Every entry below is to be returned unchanged. Images are not part of the copy.

****

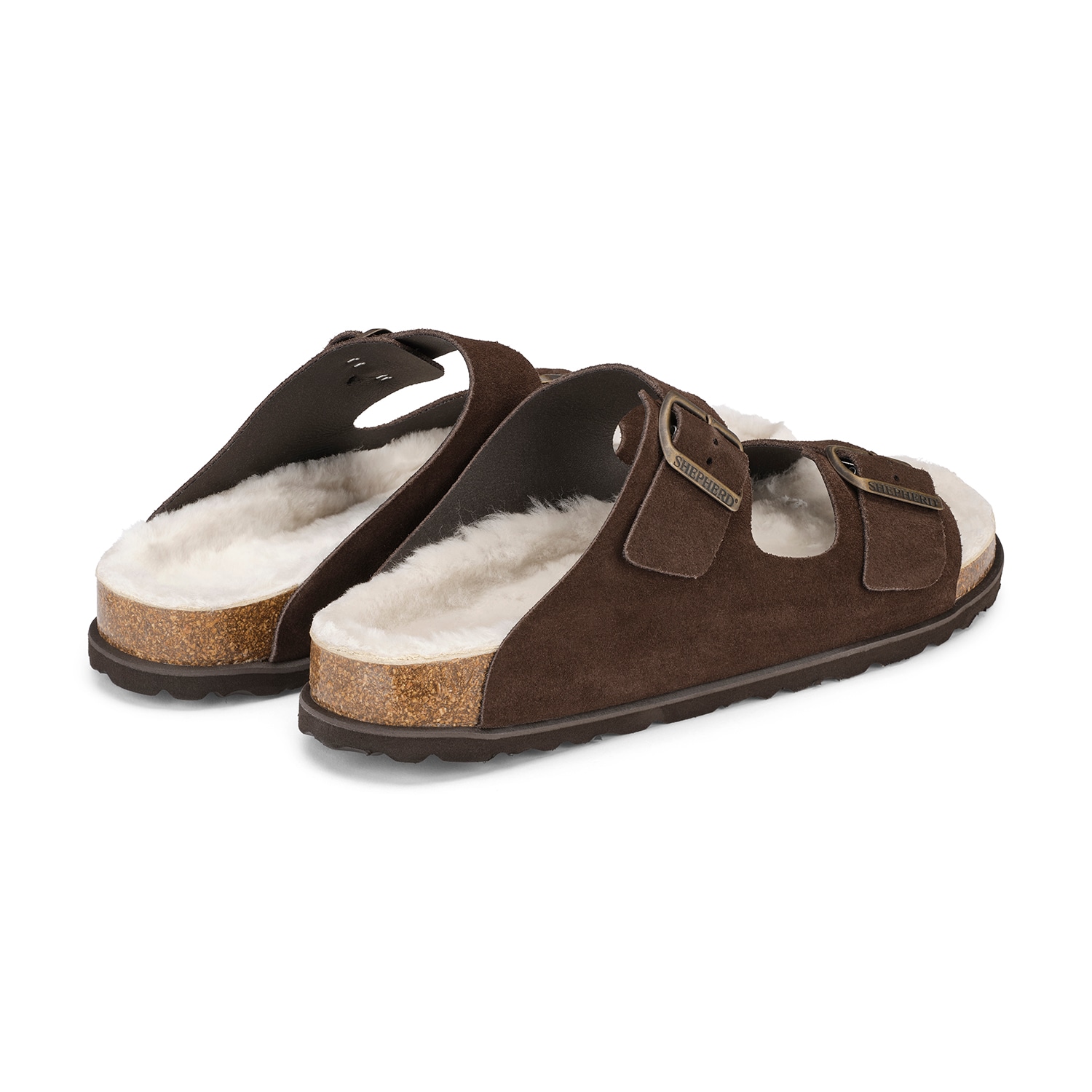 Korksulan, klädd i fårskinn, andas naturligt och formar sig efter foten över tid, medan den lätta EVA-yttersulan ger bekväm stötdämpning i varje steg.
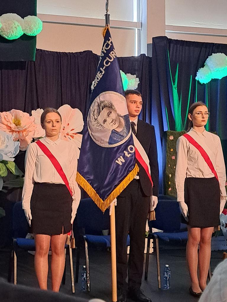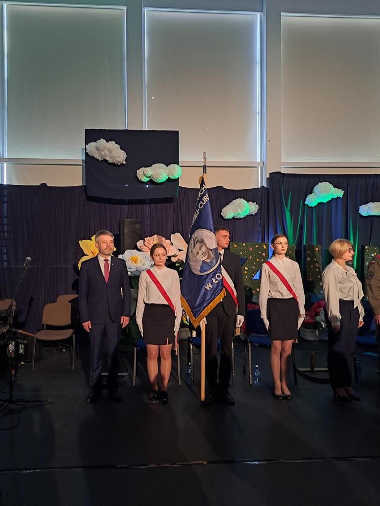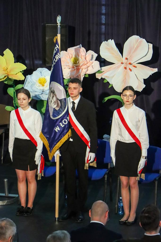 W ceremonii udział wzięły liczne poczty sztandarowe, reprezentujące łomżyńskie placówki oświatowe. Wśród nich nie zabrakło również delegacji naszej szkoły, której sztandar godnie reprezentowali uczniowie: Amelia Milewska z klasy 3PP, Arika Brzostek z klasy 3AP, Tomasz Mierzejewski z klasy 3TB, Zofia Cwalina z klasy 4PP oraz Jakub Mucharski z klasy 3TB pod opieką Pana Mirosława Zdrodowskiego.
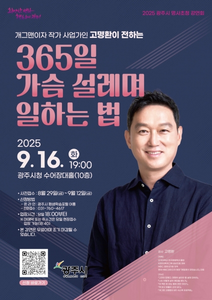 이번 강연에는 20년 이상의 방송 경력을 쌓고 현재는 작가로 활동 중인 고명환 강사가 초청돼 ‘365일 가슴 설레며 일하는 법’을 주제로 시민들과 만난다.
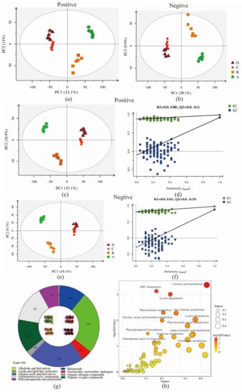 Principal component analysis (PCA) of peak areas detected in four groups of coffee samples in positive and negative ion models (a,b) (four maturity stages: A (●), B (■), C (◆), D (▲)). Partial least squares discriminant analysis (PLS-DA) and permutation test of peak areas in positive and negative ion models in four group samples (c–f). Classification of DEMs in four group samples (g). KEGG pathways of DEMs involved (h).
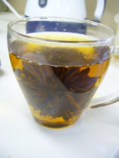牡丹のようにあしらった工芸茶です。抽出するとポットの中で、茶葉が
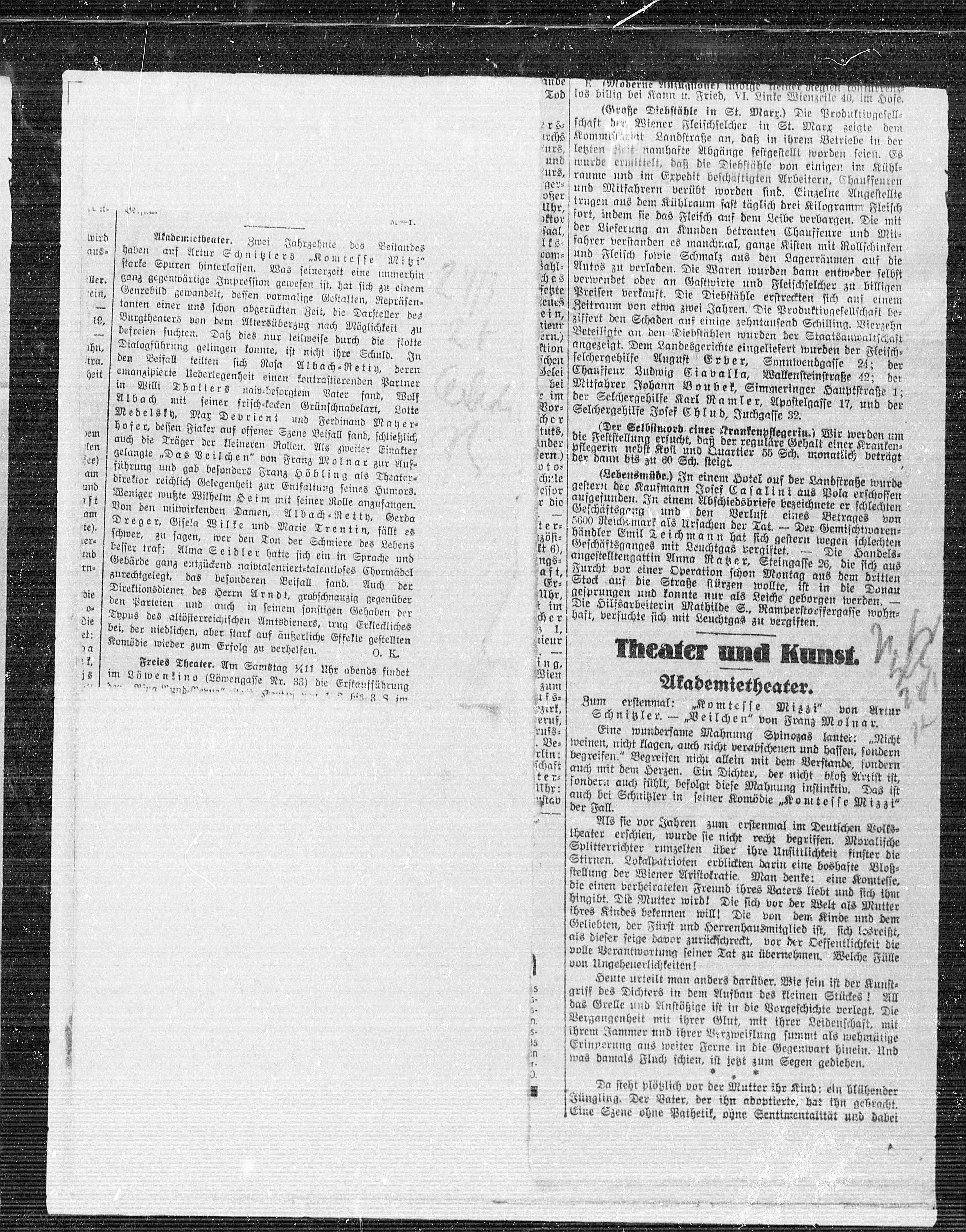 Schnitzler. — „Veilchen“ von Franz Molnar.

****

### SOLUTION TO THE PROBLEM
 Korksulan, klädd i fårskinn, andas naturligt och formar sig efter foten över tid, medan den lätta EVA-yttersulan ger bekväm stötdämpning i varje steg.
 W ceremonii udział wzięły liczne poczty sztandarowe, reprezentujące łomżyńskie placówki oświatowe. Wśród nich nie zabrakło również delegacji naszej szkoły, której sztandar godnie reprezentowali uczniowie: Amelia Milewska z klasy 3PP, Arika Brzostek z klasy 3AP, Tomasz Mierzejewski z klasy 3TB, Zofia Cwalina z klasy 4PP oraz Jakub Mucharski z klasy 3TB pod opieką Pana Mirosława Zdrodowskiego.
 이번 강연에는 20년 이상의 방송 경력을 쌓고 현재는 작가로 활동 중인 고명환 강사가 초청돼 ‘365일 가슴 설레며 일하는 법’을 주제로 시민들과 만난다.
 Principal component analysis (PCA) of peak areas detected in four groups of coffee samples in positive and negative ion models (a,b) (four maturity stages: A (●), B (■), C (◆), D (▲)). Partial least squares discriminant analysis (PLS-DA) and permutation test of peak areas in positive and negative ion models in four group samples (c–f). Classification of DEMs in four group samples (g). KEGG pathways of DEMs involved (h).
牡丹のようにあしらった工芸茶です。抽出するとポットの中で、茶葉が
 Schnitzler. — „Veilchen“ von Franz Molnar.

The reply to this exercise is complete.